The framework model, including the factors influencing CMWL, was expressed in the form of a family of Influence Diagrams, using an already available Influence Diagram modeling software tool called IDEAS. This technique provides a modeling environment which allows the insights arising from theory based approaches, together with the knowledge and experience of mariners, to be combined in a form suitable for assessment. They also provide a method for allowing workload assessment to be linked to externally measurable data such as incident reports to allow verification of the predictions of the tool.

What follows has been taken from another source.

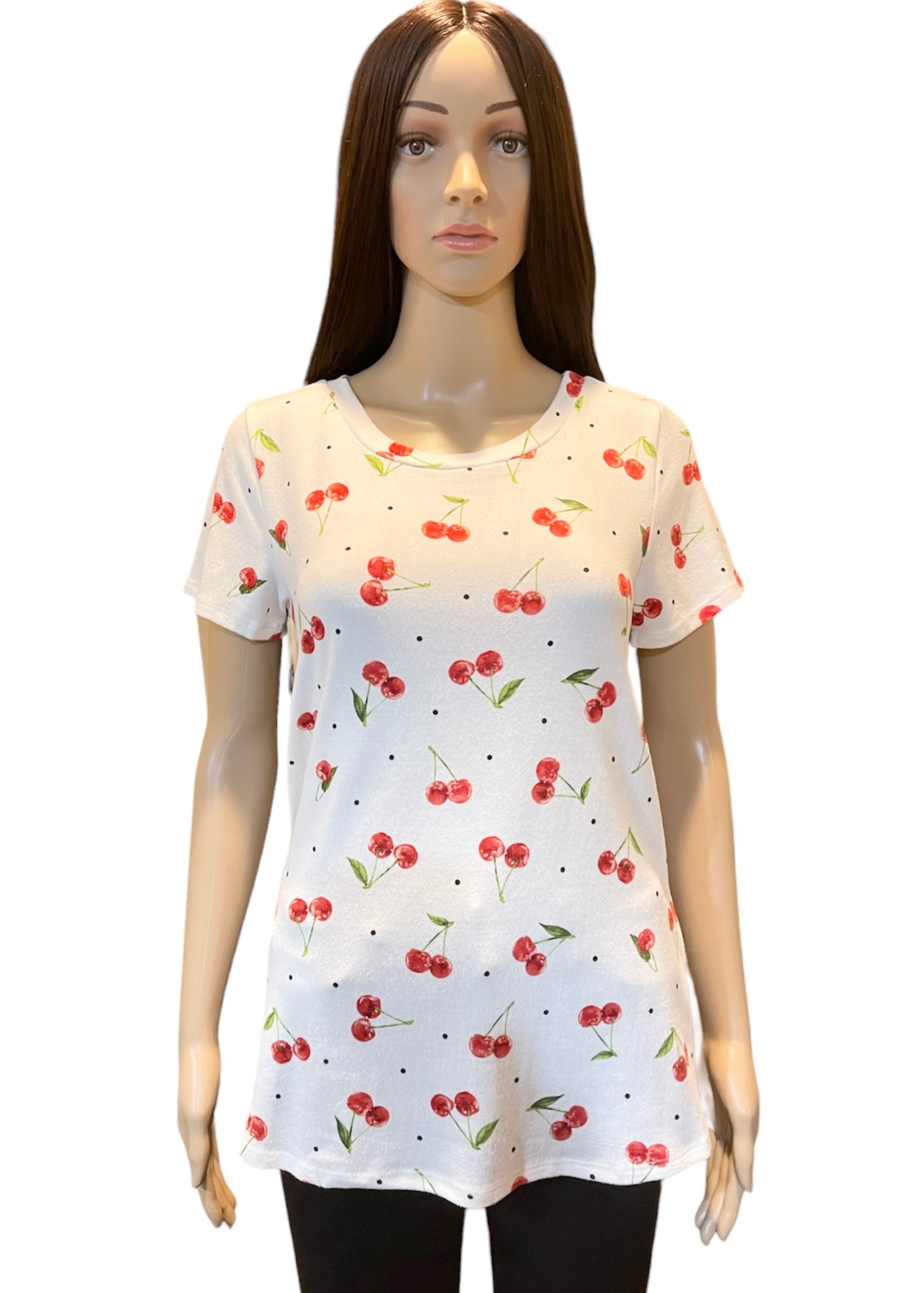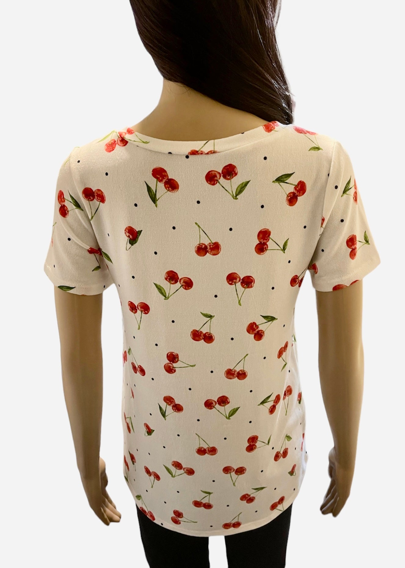 This summer this cherry print top will have you feeling fruity and fresh! Enjoy this unique white top with a bold cherry print and black polka dots. It has short sleeves and is semi-sheer, making it perfectly cool for the humid summer months. It is so soft and gentle on the skin, creating a perfect pick for the summer season. Pair this sweet top with black or red shorts and sandals for the cutest summer look.

This framework model was used as the starting point (or seed model) for a series of interactive sessions with subject matter experts from the commercial marine industry, including Masters, First and Second Officers, and recently trained personnel. These sessions were used to develop workload models for different domains of shipping activities from high speed ferries, coasters and deep sea operations such as tankers. Both overload and underload models were developed. These models were then validated by using them to assess scenarios known to the workshop participants

The main benefit of this approach was that it was pragmatic, evidence based, and did not depend on the accuracy of specific theoretical approaches in order to produce a workable CMWL tool. The use of the IDEAS modeling tool allowed the project to build on an existing tried and tested modeling environment that has been successfully utilized in a wide range of applications over the past 10 years. This approach also allowed more of the software resources to be utilized for the development of the interface and user facilities.